Open gemerden opened 7 years ago
@gemerden Thanks. This is an easy change that makes a lot of sense Just out of curiosity, what would be custom TOKENS you would need? BTW, slightly related, here is an example of a tokenizer that uses customs tokens (and uses a trie/aho-corasick automaton for tokens recognition) https://github.com/nexB/license-expression/blob/f3421c1a1f409249ba86a16b7b46c2e987f6ab35/src/license_expression/__init__.py#L409
@pombredanne: i only use '|', '&' and '!', '(' and ')' and i use e.g. '*' for something else (as a wildcard). I needed to change more in tokenize(); roughly: everything that is not a token i accept as a symbol, but i need to do some more testing.
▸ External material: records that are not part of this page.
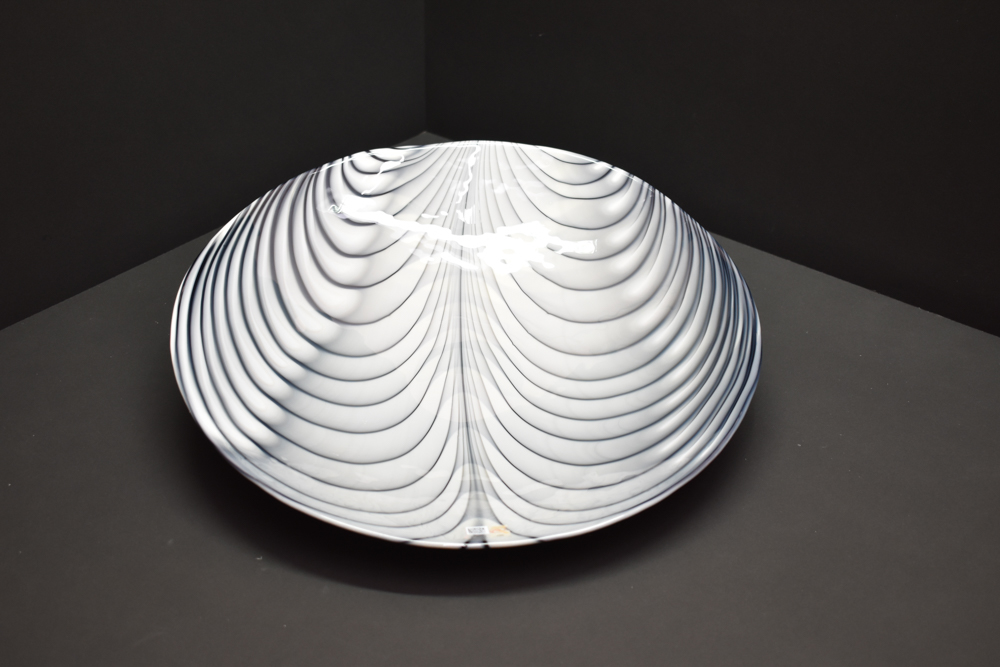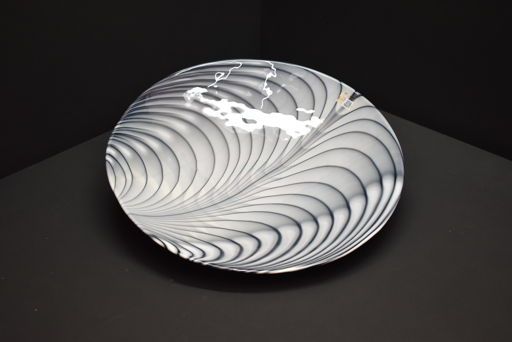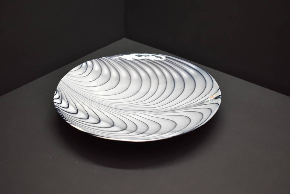 Plat paon en verre de Murano produit dans la verrerie Yalos Ferro sur l’île de Murano à Venise.
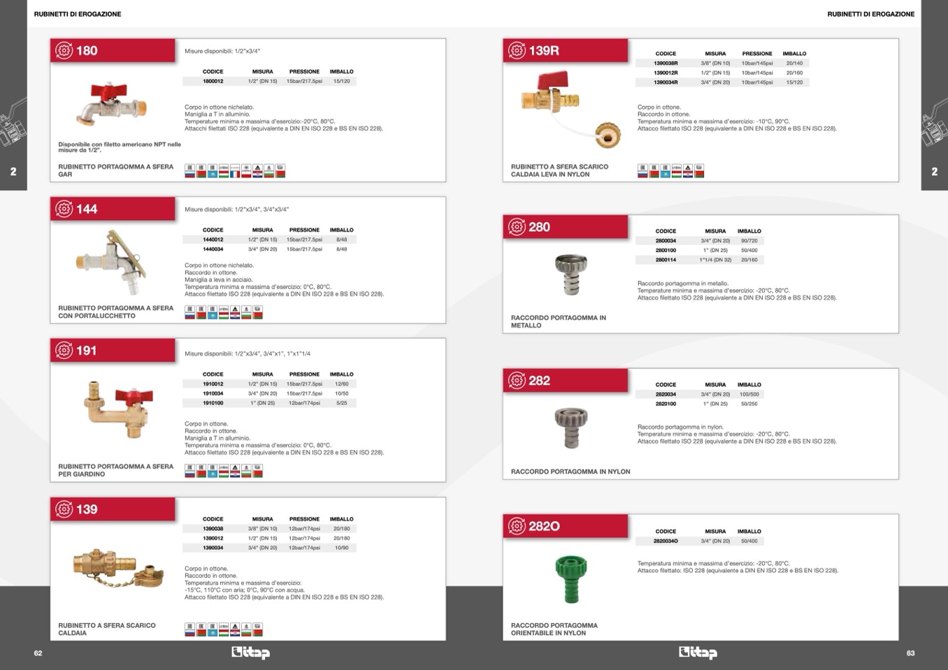 filettato: ISO 228 (equivalente a DIN EN ISO 228 e BS EN ISO 228).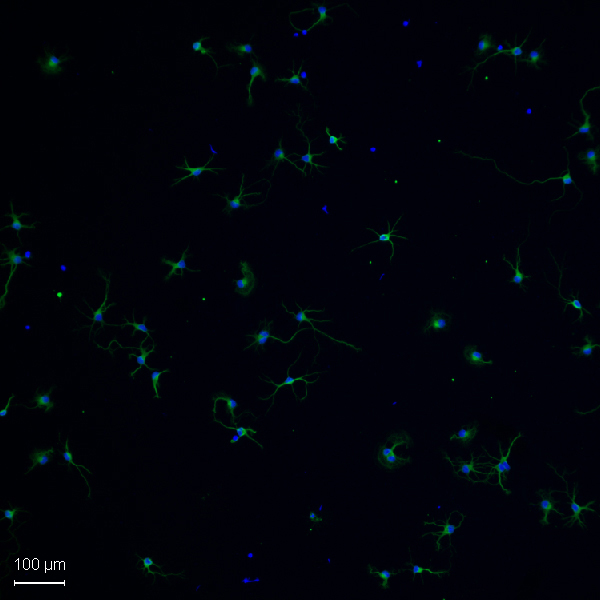 The blue colour represents the nucleus (DAPI staining) and the green the neuronal cytoskeleton (tubuline detection).

Currently it looks like this:
class KeyParser(BooleanAlgebra):
DEFAULT_TOKENS = {
'&': TOKEN_AND,
'|': TOKEN_OR,
'!': TOKEN_NOT,
'(': TOKEN_LPAR,
')': TOKEN_RPAR,
}
def __init__(self, TOKENS=None, *args, **kwargs):
super(KeyParser, self).__init__(Symbol_class=WildSymbol,
OR_class=SET_OR,
AND_class=SET_AND,
NOT_class=SET_NOT,
*args, **kwargs)
self.TOKENS = TOKENS or self.DEFAULT_TOKENS
def tokenize(self, expr):
if not isinstance(expr, basestring):
raise TypeError('expr must be string but it is %s.' % type(expr))
TOKENS = self.TOKENS
length = len(expr)
position = 0
while position < length:
tok = expr[position]
sym = tok not in TOKENS
if sym:
position += 1
while position < length:
char = expr[position]
if char not in TOKENS:
position += 1
tok += char
else:
break
position -= 1
try:
yield TOKENS[tok], tok, position
except KeyError:
if sym:
yield TOKEN_SYMBOL, tok, position
else:
raise ParseError(token_string=tok, position=position, error_code=PARSE_UNKNOWN_TOKEN)
position += 1
by sym = tok not in TOKENS
i leave the possibility to put more (a different) syntax in the symbols. When I am happy with my project I'll make the repo public and share the link here.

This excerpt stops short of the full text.